> [DATA PROVIDED]:
________________________________________
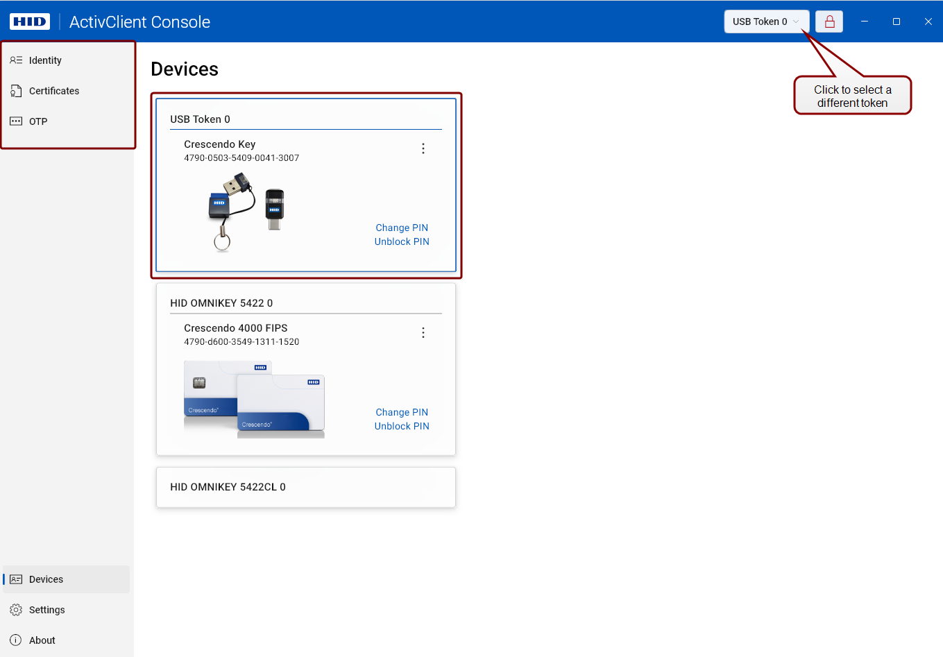 ActivClient Console > Devices view
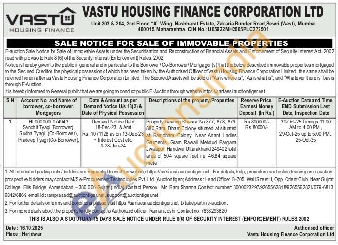Property bearing Khasra No.877, 878, 879, 880 Ram, Dham Colony situated at situated at Ramdham Colony, Near Anant Ladies Garments, Gram Rawali Mehdud Pargana Jwalapur, Haridwar Uttarakhand 249402 total area of 504 square feet i.e. 46.84 square meter
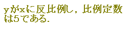 ![]() yがxに反比例するのだから このaを反比例の比例定数というのでa=5のときは
________________________________________
Return the listing unchanged except for the pictures, which should be dropped.

 ActivClient Console > Devices view
Property bearing Khasra No.877, 878, 879, 880 Ram, Dham Colony situated at situated at Ramdham Colony, Near Anant Ladies Garments, Gram Rawali Mehdud Pargana Jwalapur, Haridwar Uttarakhand 249402 total area of 504 square feet i.e. 46.84 square meter
 ![]() yがxに反比例するのだから このaを反比例の比例定数というのでa=5のときは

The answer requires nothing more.